List of Studies on Indian Banks Efficiency
A bird’s eye view of the studies in Table 1 indicates that much of the existing literature in the Indian banking sector has focused on measurement of efficiency for the period ranging from early 1990s to mid-2000. Most of the attempts have been made (i) to gauge the impact of deregulation and liberalization measures on the efficiency and productivity of the Indian banks and (ii) to examine the impact of ownership on the efficiency of banks. The results vary depending upon the variables used and the time period of study.
The present study thus in comparison to previous studies considers more recent data for the purpose of examining the efficiency scores of nationalized, private and foreign banks. Also not much light has been shed upon on the environmental factors affecting banking efficiency and most of the existing studies are confined to countries other than India. 1 The study in its second stage, investigates into the determinants of efficiency for banks using Tobit censored regression.
Objectives of the Study
To examine the overall technical, pure technical and scale efficiency of the public sector, private sector and foreign sector banks for the period 2009–2010 to 2011–2012 as this was the period characterized by slowdown in the domestic economy exercising considerable pressure on the banking sector.
To identify the factors influencing overall technical efficiency of banks for the period of study.
Data and Methodology
The study is carried out across 19 nationalized banks, 15 private sector banks and 10 foreign banks 2 for the period 2009–2012. The secondary data for the same has been extracted from the publications of Reserve Bank of India and Indian Banking Association.
The study is divided into three parts as discussed. Part one deals with calculating overall technical efficiency, pure technical efficiency and managerial efficiency 3 for different categories of banks. Part two further proceeds with hypothesis testing 4 so as to find out if there is any difference in the efficiency of different banks with respect to their ownership structure. Finally in part three, the study examines the determinants of overall technical efficiency (so obtained in part one) using Tobit censored regression. 5
DEA Framework
In the recent years, besides the conventional financial ratios, the stochastic frontier (parametric) model and DEA (non-parametric) model have emerged as the two alternative techniques for examining efficiency of banks worldwide. The choice of DEA technique for the present study is inspired by a number of reasons. Firstly, a non-parametric study in contrast to a parametric study, in case of panel data allows for substantial variations embedded in data to be revealed (Alam, 2001). Secondly, as Evanoff and Israilevich (1991) note, use of DEA allows the researcher to work with less data, fewer assumptions and a smaller sample. A rule of thumb commonly used with DEA suggests that the number of observations in the data set should be at least three times the sum of the number of input and output variables (Cooper et al., 2000). 6 Thirdly, DEA does not require any a priori assumption of a functional form relating to inputs and outputs. Most importantly, DEA allows the analyst to select inputs and outputs in accordance with a managerial focus and hence opens the door to what-if analysis (Sathye, 2003).

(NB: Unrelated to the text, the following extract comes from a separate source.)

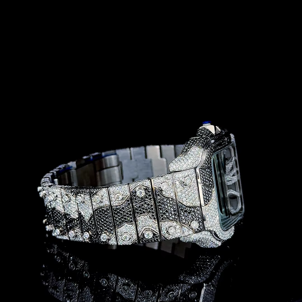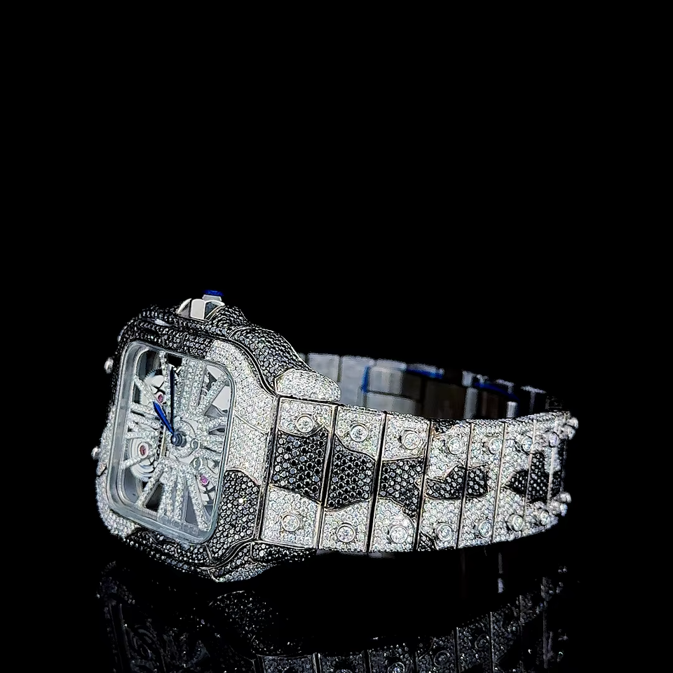 Black White Camouflage Stainless Steel Strap Fully Iced Out Moissanite Watch for Men, Square Shape Skeleton Dial Watch For Him

Speaking broadly, DEA is a nonparametric method. It is a linear programming methodology to measure the efficiency of multiple decision-making units (DMUs) 7 and it generalizes the Farrell’s (1957) technical efficiency measure to the multiple-inputs and multiple-outputs case. As an efficient frontier technique, DEA identifies the inefficiency in a particular DMU by comparing it to similar DMUs regarded as efficient. The efficient DMUs lie on the ‘efficiency frontier’ and the inefficient DMUs lie below this frontier. The DMUs that lie on the frontier are the best practice institutions and retain a value of one; those enveloped by the extreme surface are scaled against a convex combination of the DMUs on the frontier facet closest to it and have values somewhere between 0 and 1 (Kumar, 2008). The distance of a DMU from the ‘efficiency frontier’ denotes the inefficiency of the DMUs lying below the frontier and can be done away with by emulating the ‘best practices’ of the efficient DMUs lying on the frontier. Following Bhattacharya et al. (1997), the present study constructs a single ‘grand frontier’ which envelops the pooled input output data of all the banks for the period of study.

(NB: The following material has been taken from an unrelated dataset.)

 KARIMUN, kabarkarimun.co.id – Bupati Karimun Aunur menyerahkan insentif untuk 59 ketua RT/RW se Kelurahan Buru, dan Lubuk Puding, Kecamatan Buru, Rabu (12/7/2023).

In addition, DEA models can be either constant or variable returns to scale. The original formulation of the DEA model introduced by Charnes et al. (1978), also denoted as CCR hereafter, assumes Constant Returns to Scale (CRS) and presents the production frontier as a piecewise linear envelopment surface. Assuming that there are n DMUs, each with m inputs and s outputs, the relative efficiency score of a test DMU p is obtained by solving the following model proposed by Charnes et al. (1978):
where, k = 1 to s; j = 1 to m; i = 1 to n
yki = Amount of output k produced by DMU i,
xji = Amount of input j utilized by DMU i,
vk = Weight given to output k,
uj = Weight given to input j.
The above problem can be run n times for obtaining the relative efficiency scores of all the DMUs.
The measure of efficiency so obtained from the CRS model is known as overall technical efficiency (OTE) of a firm and is a comparative measure of how well it actually processes inputs to achieve its outputs, as compared to its maximum potential for doing so, as represented by its production possibility frontier. This OTE measure is inclusive of scale efficiencies (SE) and hence provides for inefficiencies due to size of operations of a DMU. This model was further extended by Banker et al. (1984), hereafter referred to as BCC, to take into account impact of returns to scale within the group of DMUs to be analyzed. The underlying objective is dual; first, to identify the most efficient scale size for each DMU and second, to find the technical efficiency score. This is achieved by imposing convexity restriction to the envelope requirements.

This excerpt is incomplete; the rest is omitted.